Intelligent Computation and AIoT Application Lab

智慧計算暨人工智慧物聯網應用研究室

TLBONPD-elite

SNP (single nucleotide polymorphism) genotyping is the determination of genetic variations of SNPs between members of a species. In many laboratories, PCR-RFLP (polymerase chain reaction-restriction fragment length polymorphism) is a usually used biotechnology for SNP genotyping, especially in small-scale basic research studies of complex genetic diseases. PCR-RFLP requires an available restriction enzyme at least for identify a target SNP and an effective primer pair conforms numerous constraints. However, the lots of restriction enzymes, tedious sequence and complicated constraints make the mining of available restriction enzymes and the design of effective primer pairs become a major challenge.
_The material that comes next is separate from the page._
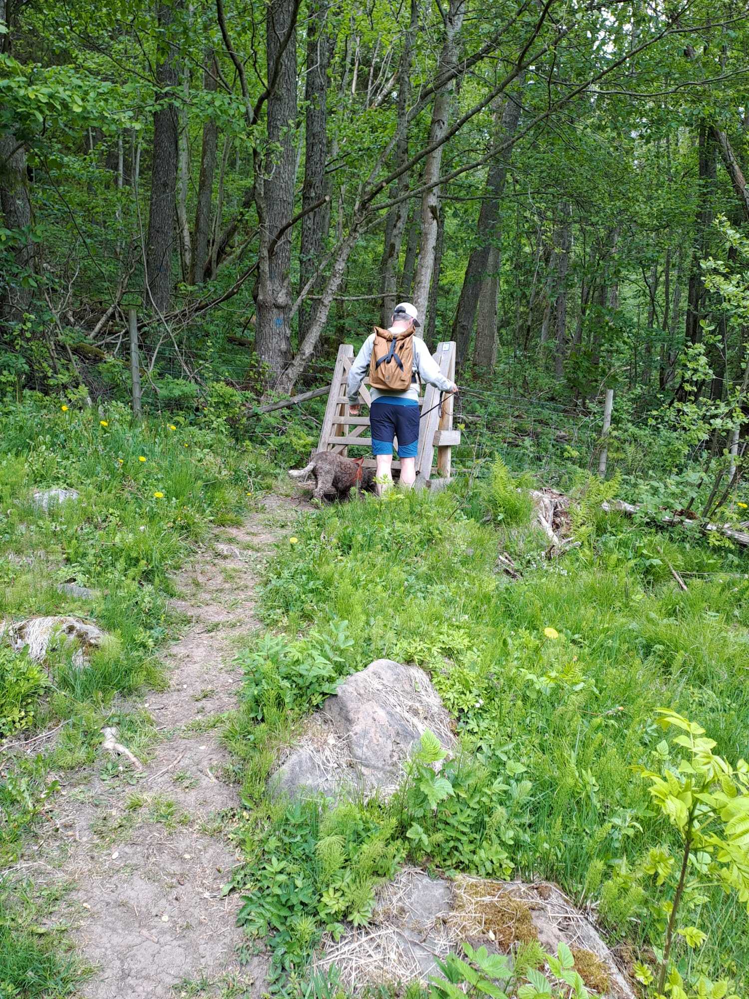 Det är nu dags att lämna vattenfallet bakom oss. Rut har druckit klart och jag har sett mig mätt på bergets geologiska lager. Vi fortsätter in på Billingeleden, markerad med röda skyltar och ett tydligt "B".

In the study, we propose a novel and available CI (Computation Intelligence)-based method called TLBO (teaching-learning-based optimization) and introduce the elite strategy to design effective primer pairs. Three common melting temperature computations are available in the method. REHUNT (Restriction Enzymes HUNTing) is first combined with the method to mine available restriction enzymes. Robust in silico simulations for the GA (genetic algorithm), the PSO (particle swarm optimization), and the method for natural PCR-RFLP primer design in the SLC6A4 gene with two hundred and eighty-eight SNPs had been performed and compared. These methods had been implemented in JAVA and they are freely available at https://sites.google.com/site/yhcheng1981/tlbonpd-elite for users of academic and non-commercial interests.

Index Terms—SNP genotyping, polymerase chain reaction-restriction fragment length polymorphism (PCR-RFLP), primer design, teaching-learning-based optimization (TLBO), elite strategy.